*Material supplied:*
++++++

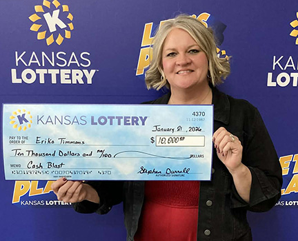 It was a crazy day at the office for Erika Timmons of Olathe. They were slammed all morning, so over her lunch break Timmons decided to grab a pair of $20 Cash Blast scratch tickets to play and unwind. There was no time to unwind, though, after Timmons revealed winning spot after winning spot for a $10,000 prize!
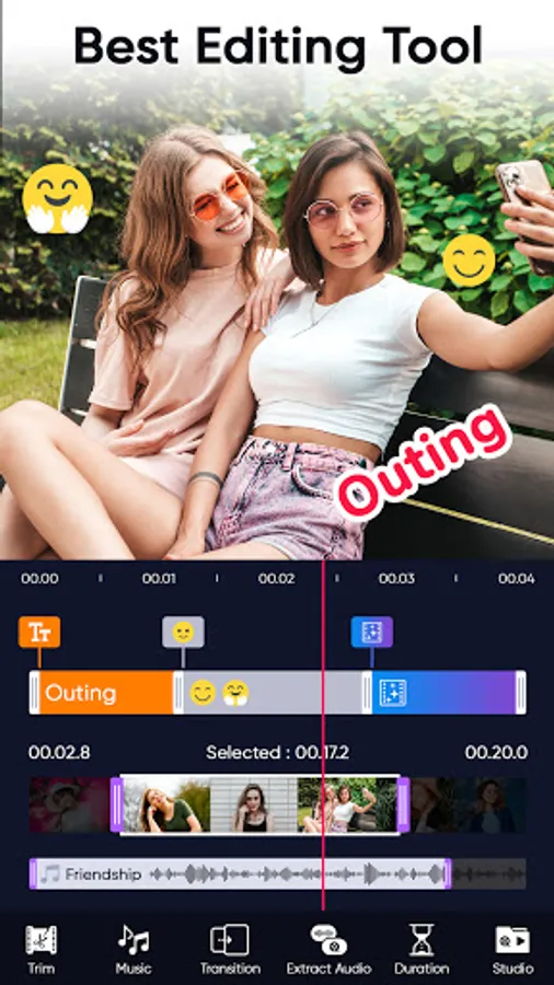 Video Editor offers excellent video editing features. With this movie maker or slideshow app, you can transform all your best events into memorable videos, and it is easy and fun. Young filmmakers can splice videos with texts, FX, effects, trendy filters, transitions, or live dubbing in a creative and personalized way. Make your own vlog, interesting memes, and funny video. Record your precious moments like wedding/birthday/Valentine's Day/Thanksgiving Day/Christmas Eve/Christmas/Halloween.
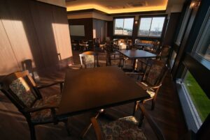 カフェテラスの中。落ち着いたテーブルセットがゆったりと並ぶ
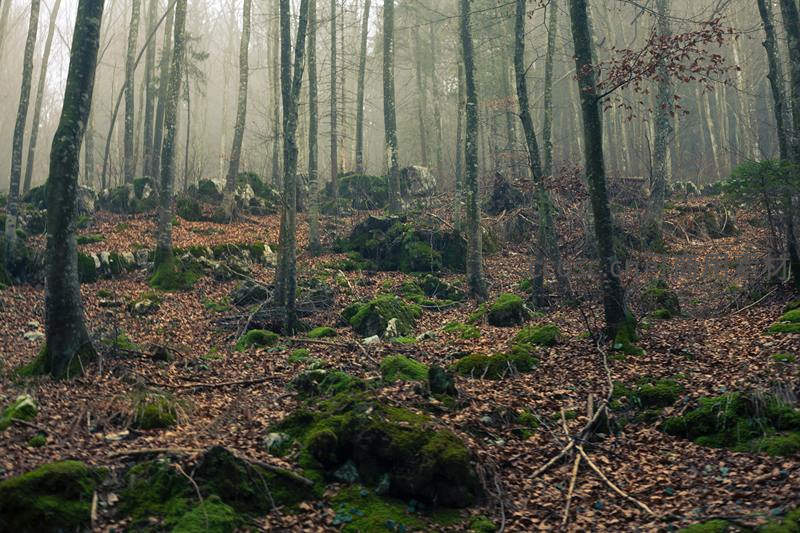 晨雾轻柔地笼罩着整片森林,地面铺满枯黄落叶与翠绿苔藓,光秃的树干静默伫立,营造出神秘而宁静的秋冬意境。
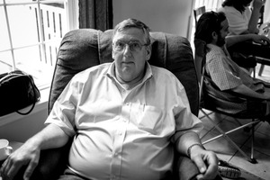In this striking black and white photograph, a middle-aged man sits comfortably in a recliner, exuding a sense of calm and introspection. The soft lighting bathes him in a warm glow, contrasting with the relaxed chaos of a gathering behind him, where others engage quietly in the background. The composition draws the viewer's eye to his contemplative expression and the ease of his posture, capturing a moment of quiet reflection amid social interactions.
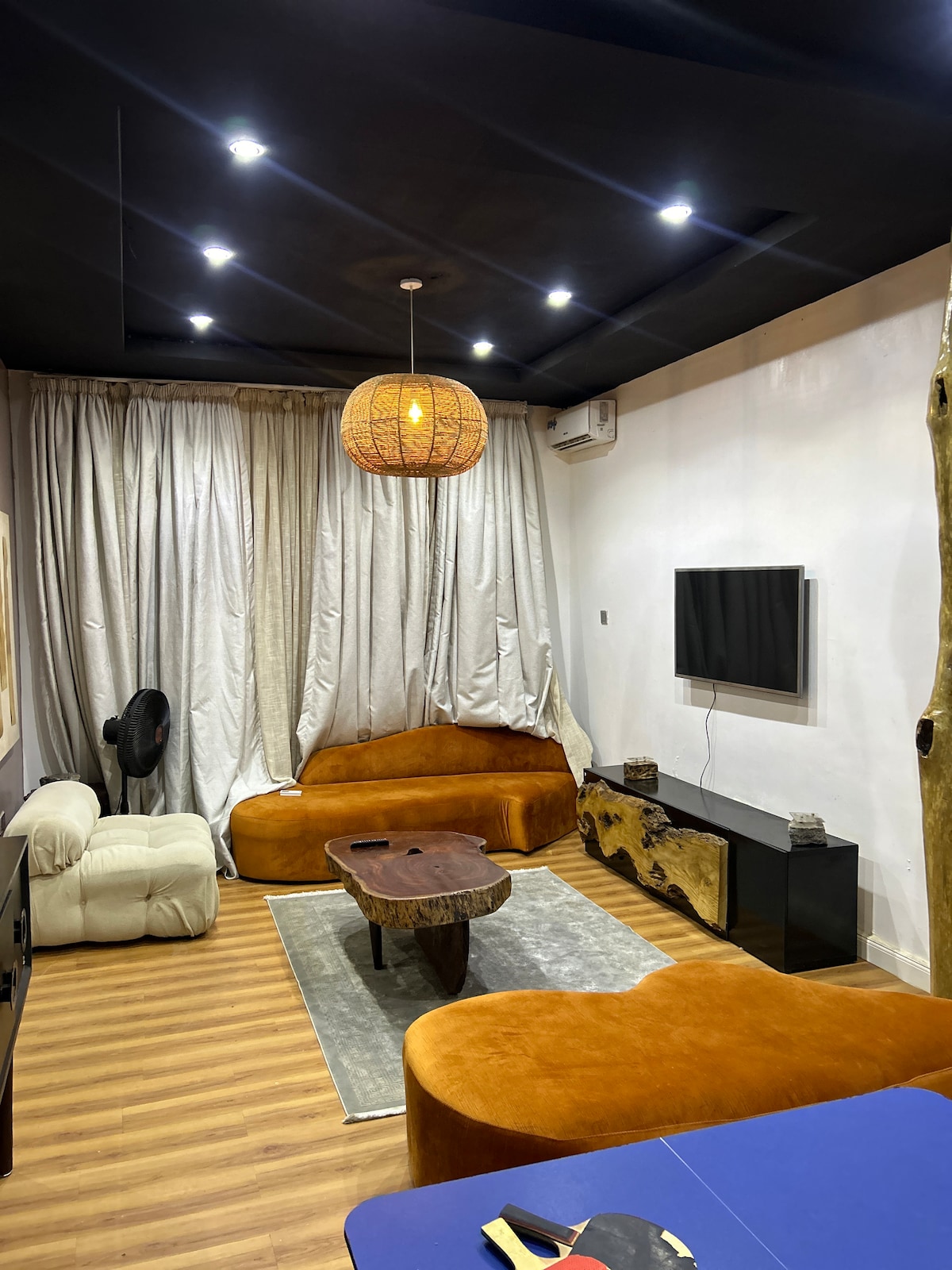 Royalty Luxury Serviced Apartment ble konseptabelt og designet som et hjem for Royals. Det er stille, unikt, stilig og hjemmekoselig med utsøkte møbler for å gi en følelse av et komfortabelt hjem. Ligger i en rolig, sikret inngjerdet eiendom og tilbyr praktisk tilgang til hele Abuja og dens omgivelser. 247 strøm med sol-/vekselretter-systemer, fiberoptisk trådløst nettverk, vifte, fullt utstyrt moderne kjøkken, bevæpnet sikkerhet, rolig nabolag. Standard biljardbord, avslapningsgynge, privat svømmebasseng og vaskemaskin.
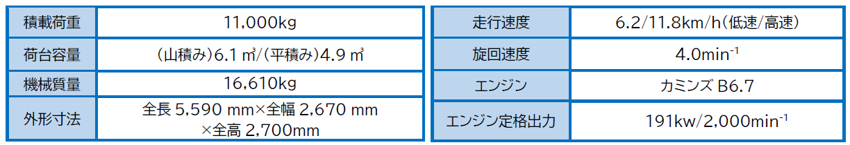積載容量6.1㎥(山積み)・最大積載荷重11t
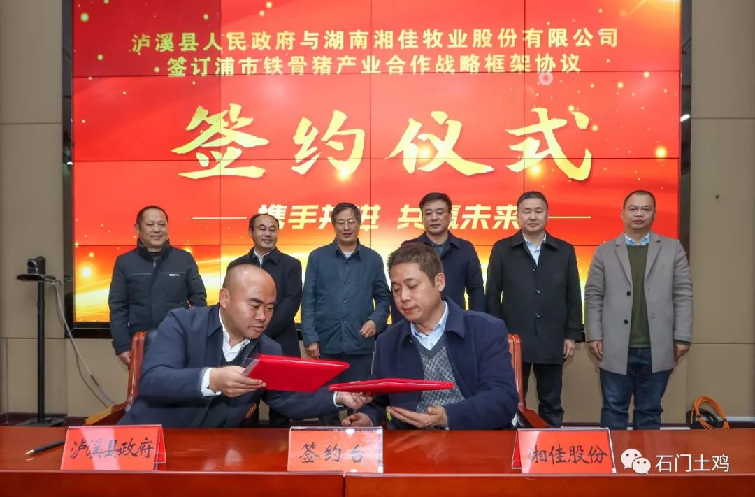 2月8日,湖南湘西自治州瀘溪縣人民政府與湖南湘佳牧業股份有限公司就做大做強該縣浦市鐵骨豬產業,簽訂合作戰略框架協議。湖南農大印遇龍院士工作團隊、瀘溪縣人民政府、湘佳股份三方將共享盛舉,精誠合作,讓這一養在深山人未識的“黑豬極品”走出湘西。

++++++

*Your task:* Exclude every picture and restate the listing word for word.

*Response to this exercise:*
 It was a crazy day at the office for Erika Timmons of Olathe. They were slammed all morning, so over her lunch break Timmons decided to grab a pair of $20 Cash Blast scratch tickets to play and unwind. There was no time to unwind, though, after Timmons revealed winning spot after winning spot for a $10,000 prize!
 Video Editor offers excellent video editing features. With this movie maker or slideshow app, you can transform all your best events into memorable videos, and it is easy and fun. Young filmmakers can splice videos with texts, FX, effects, trendy filters, transitions, or live dubbing in a creative and personalized way. Make your own vlog, interesting memes, and funny video. Record your precious moments like wedding/birthday/Valentine's Day/Thanksgiving Day/Christmas Eve/Christmas/Halloween.
 カフェテラスの中。落ち着いたテーブルセットがゆったりと並ぶ
 晨雾轻柔地笼罩着整片森林,地面铺满枯黄落叶与翠绿苔藓,光秃的树干静默伫立,营造出神秘而宁静的秋冬意境。
In this striking black and white photograph, a middle-aged man sits comfortably in a recliner, exuding a sense of calm and introspection. The soft lighting bathes him in a warm glow, contrasting with the relaxed chaos of a gathering behind him, where others engage quietly in the background. The composition draws the viewer's eye to his contemplative expression and the ease of his posture, capturing a moment of quiet reflection amid social interactions.
 Royalty Luxury Serviced Apartment ble konseptabelt og designet som et hjem for Royals. Det er stille, unikt, stilig og hjemmekoselig med utsøkte møbler for å gi en følelse av et komfortabelt hjem. Ligger i en rolig, sikret inngjerdet eiendom og tilbyr praktisk tilgang til hele Abuja og dens omgivelser. 247 strøm med sol-/vekselretter-systemer, fiberoptisk trådløst nettverk, vifte, fullt utstyrt moderne kjøkken, bevæpnet sikkerhet, rolig nabolag. Standard biljardbord, avslapningsgynge, privat svømmebasseng og vaskemaskin.
積載容量6.1㎥(山積み)・最大積載荷重11t
 2月8日,湖南湘西自治州瀘溪縣人民政府與湖南湘佳牧業股份有限公司就做大做強該縣浦市鐵骨豬產業,簽訂合作戰略框架協議。湖南農大印遇龍院士工作團隊、瀘溪縣人民政府、湘佳股份三方將共享盛舉,精誠合作,讓這一養在深山人未識的“黑豬極品”走出湘西。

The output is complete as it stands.